→ **Data for review**
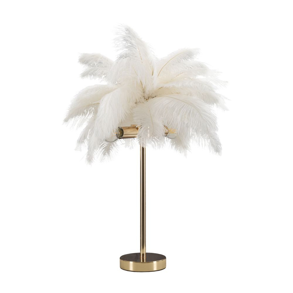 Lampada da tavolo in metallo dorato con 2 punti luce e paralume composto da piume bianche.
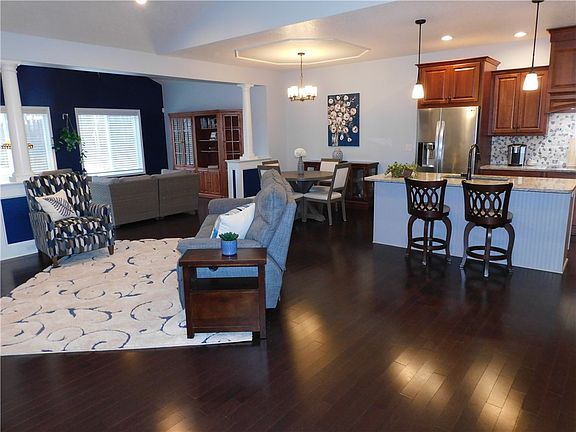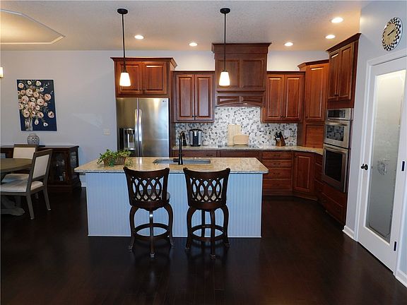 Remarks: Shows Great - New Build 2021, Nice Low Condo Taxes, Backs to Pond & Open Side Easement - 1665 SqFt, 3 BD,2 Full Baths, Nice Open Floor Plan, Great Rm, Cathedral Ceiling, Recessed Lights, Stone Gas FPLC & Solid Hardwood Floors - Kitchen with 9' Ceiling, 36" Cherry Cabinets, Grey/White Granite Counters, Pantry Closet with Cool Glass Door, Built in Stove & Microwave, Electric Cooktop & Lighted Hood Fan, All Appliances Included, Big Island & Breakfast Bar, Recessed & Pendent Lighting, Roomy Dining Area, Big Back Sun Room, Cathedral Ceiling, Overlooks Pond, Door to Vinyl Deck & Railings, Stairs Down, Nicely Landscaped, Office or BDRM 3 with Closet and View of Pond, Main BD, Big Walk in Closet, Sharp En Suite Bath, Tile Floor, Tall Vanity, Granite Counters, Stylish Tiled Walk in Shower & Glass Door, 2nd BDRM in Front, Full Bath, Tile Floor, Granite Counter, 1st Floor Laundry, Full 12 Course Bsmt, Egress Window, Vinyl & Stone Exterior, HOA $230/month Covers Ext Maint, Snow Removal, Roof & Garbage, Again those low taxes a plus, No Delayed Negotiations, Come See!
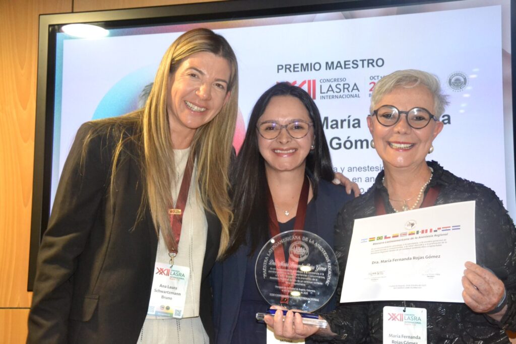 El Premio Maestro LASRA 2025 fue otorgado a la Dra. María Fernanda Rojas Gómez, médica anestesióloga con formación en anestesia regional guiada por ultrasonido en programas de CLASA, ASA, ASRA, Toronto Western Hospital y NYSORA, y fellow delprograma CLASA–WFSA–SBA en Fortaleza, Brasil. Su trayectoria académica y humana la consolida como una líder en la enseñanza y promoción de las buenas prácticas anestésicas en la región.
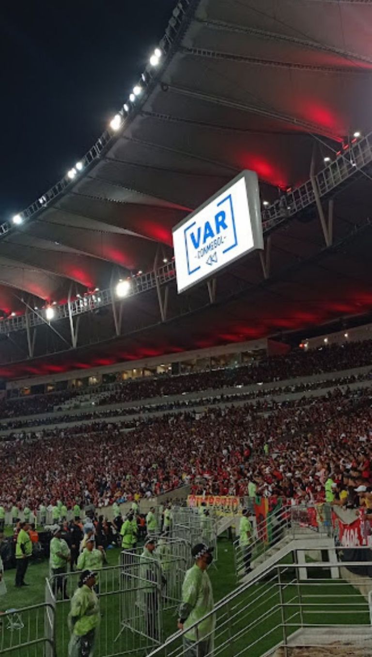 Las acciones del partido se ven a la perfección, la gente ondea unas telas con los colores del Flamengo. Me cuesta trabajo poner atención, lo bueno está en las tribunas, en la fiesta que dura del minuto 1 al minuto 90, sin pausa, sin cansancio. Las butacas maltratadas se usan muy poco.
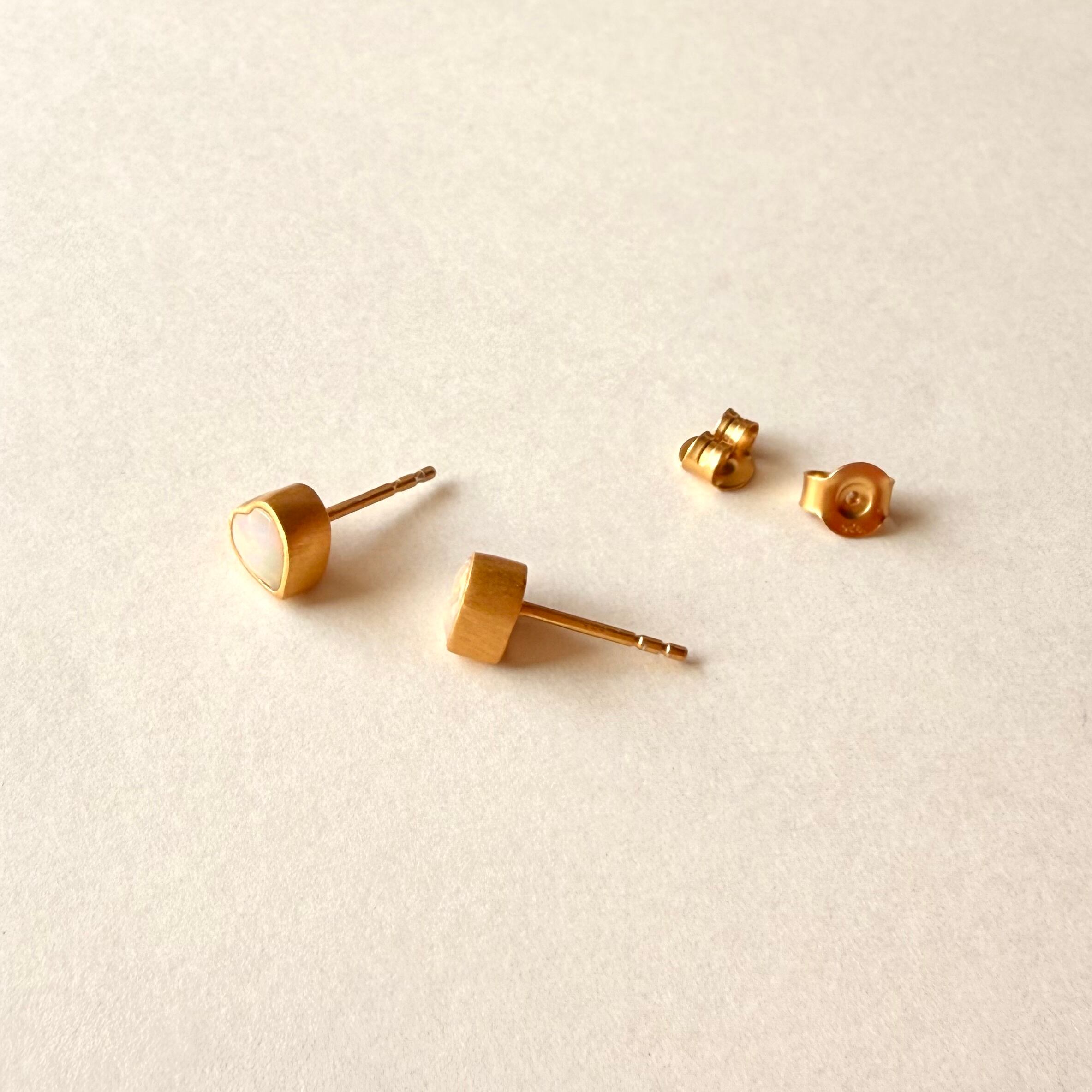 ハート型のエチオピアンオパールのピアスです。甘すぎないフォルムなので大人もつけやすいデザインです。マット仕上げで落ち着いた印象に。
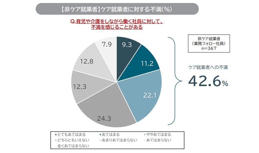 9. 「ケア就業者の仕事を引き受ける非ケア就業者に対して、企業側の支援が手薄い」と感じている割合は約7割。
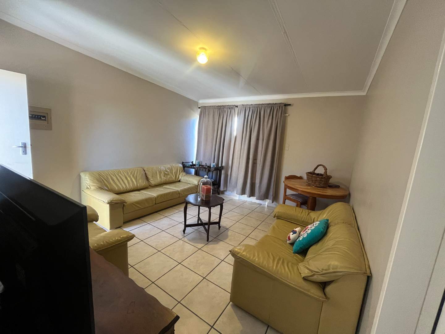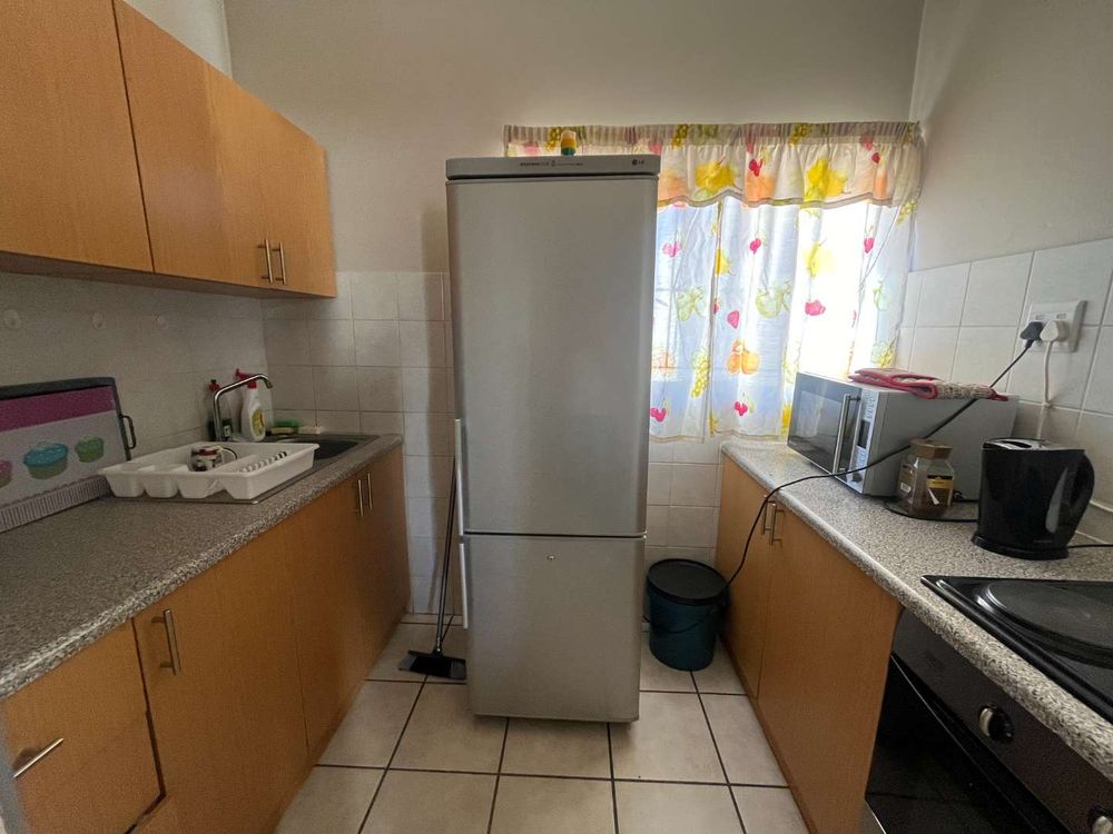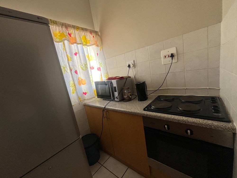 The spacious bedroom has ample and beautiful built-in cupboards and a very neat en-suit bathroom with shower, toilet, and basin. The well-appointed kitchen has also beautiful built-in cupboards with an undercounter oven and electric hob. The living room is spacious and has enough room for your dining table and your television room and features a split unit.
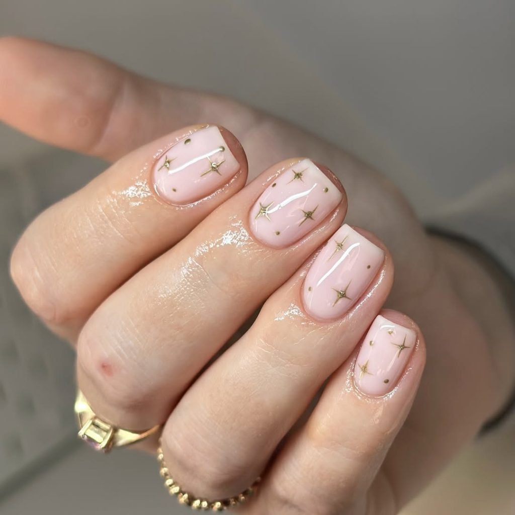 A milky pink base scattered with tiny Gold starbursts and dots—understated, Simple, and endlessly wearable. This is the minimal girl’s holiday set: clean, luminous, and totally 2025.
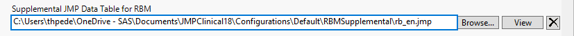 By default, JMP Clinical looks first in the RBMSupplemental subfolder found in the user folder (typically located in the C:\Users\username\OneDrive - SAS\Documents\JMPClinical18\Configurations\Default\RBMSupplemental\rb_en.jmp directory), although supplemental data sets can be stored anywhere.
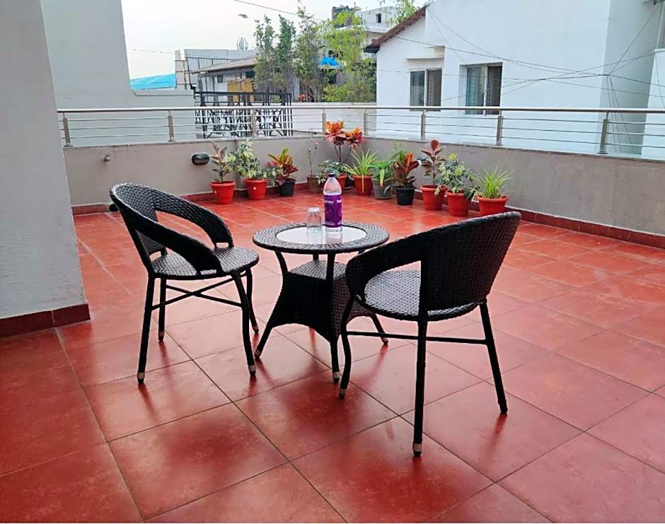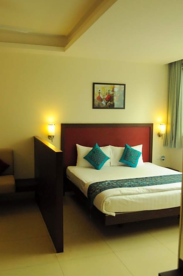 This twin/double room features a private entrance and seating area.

→ **What is required**
Please reproduce the data above word for word, skipping all images.

→ **Task output**
 Lampada da tavolo in metallo dorato con 2 punti luce e paralume composto da piume bianche.
 Remarks: Shows Great - New Build 2021, Nice Low Condo Taxes, Backs to Pond & Open Side Easement - 1665 SqFt, 3 BD,2 Full Baths, Nice Open Floor Plan, Great Rm, Cathedral Ceiling, Recessed Lights, Stone Gas FPLC & Solid Hardwood Floors - Kitchen with 9' Ceiling, 36" Cherry Cabinets, Grey/White Granite Counters, Pantry Closet with Cool Glass Door, Built in Stove & Microwave, Electric Cooktop & Lighted Hood Fan, All Appliances Included, Big Island & Breakfast Bar, Recessed & Pendent Lighting, Roomy Dining Area, Big Back Sun Room, Cathedral Ceiling, Overlooks Pond, Door to Vinyl Deck & Railings, Stairs Down, Nicely Landscaped, Office or BDRM 3 with Closet and View of Pond, Main BD, Big Walk in Closet, Sharp En Suite Bath, Tile Floor, Tall Vanity, Granite Counters, Stylish Tiled Walk in Shower & Glass Door, 2nd BDRM in Front, Full Bath, Tile Floor, Granite Counter, 1st Floor Laundry, Full 12 Course Bsmt, Egress Window, Vinyl & Stone Exterior, HOA $230/month Covers Ext Maint, Snow Removal, Roof & Garbage, Again those low taxes a plus, No Delayed Negotiations, Come See!
 El Premio Maestro LASRA 2025 fue otorgado a la Dra. María Fernanda Rojas Gómez, médica anestesióloga con formación en anestesia regional guiada por ultrasonido en programas de CLASA, ASA, ASRA, Toronto Western Hospital y NYSORA, y fellow delprograma CLASA–WFSA–SBA en Fortaleza, Brasil. Su trayectoria académica y humana la consolida como una líder en la enseñanza y promoción de las buenas prácticas anestésicas en la región.
 Las acciones del partido se ven a la perfección, la gente ondea unas telas con los colores del Flamengo. Me cuesta trabajo poner atención, lo bueno está en las tribunas, en la fiesta que dura del minuto 1 al minuto 90, sin pausa, sin cansancio. Las butacas maltratadas se usan muy poco.
 ハート型のエチオピアンオパールのピアスです。甘すぎないフォルムなので大人もつけやすいデザインです。マット仕上げで落ち着いた印象に。
 9. 「ケア就業者の仕事を引き受ける非ケア就業者に対して、企業側の支援が手薄い」と感じている割合は約7割。
 The spacious bedroom has ample and beautiful built-in cupboards and a very neat en-suit bathroom with shower, toilet, and basin. The well-appointed kitchen has also beautiful built-in cupboards with an undercounter oven and electric hob. The living room is spacious and has enough room for your dining table and your television room and features a split unit.
 A milky pink base scattered with tiny Gold starbursts and dots—understated, Simple, and endlessly wearable. This is the minimal girl’s holiday set: clean, luminous, and totally 2025.
 By default, JMP Clinical looks first in the RBMSupplemental subfolder found in the user folder (typically located in the C:\Users\username\OneDrive - SAS\Documents\JMPClinical18\Configurations\Default\RBMSupplemental\rb_en.jmp directory), although supplemental data sets can be stored anywhere.
 This twin/double room features a private entrance and seating area.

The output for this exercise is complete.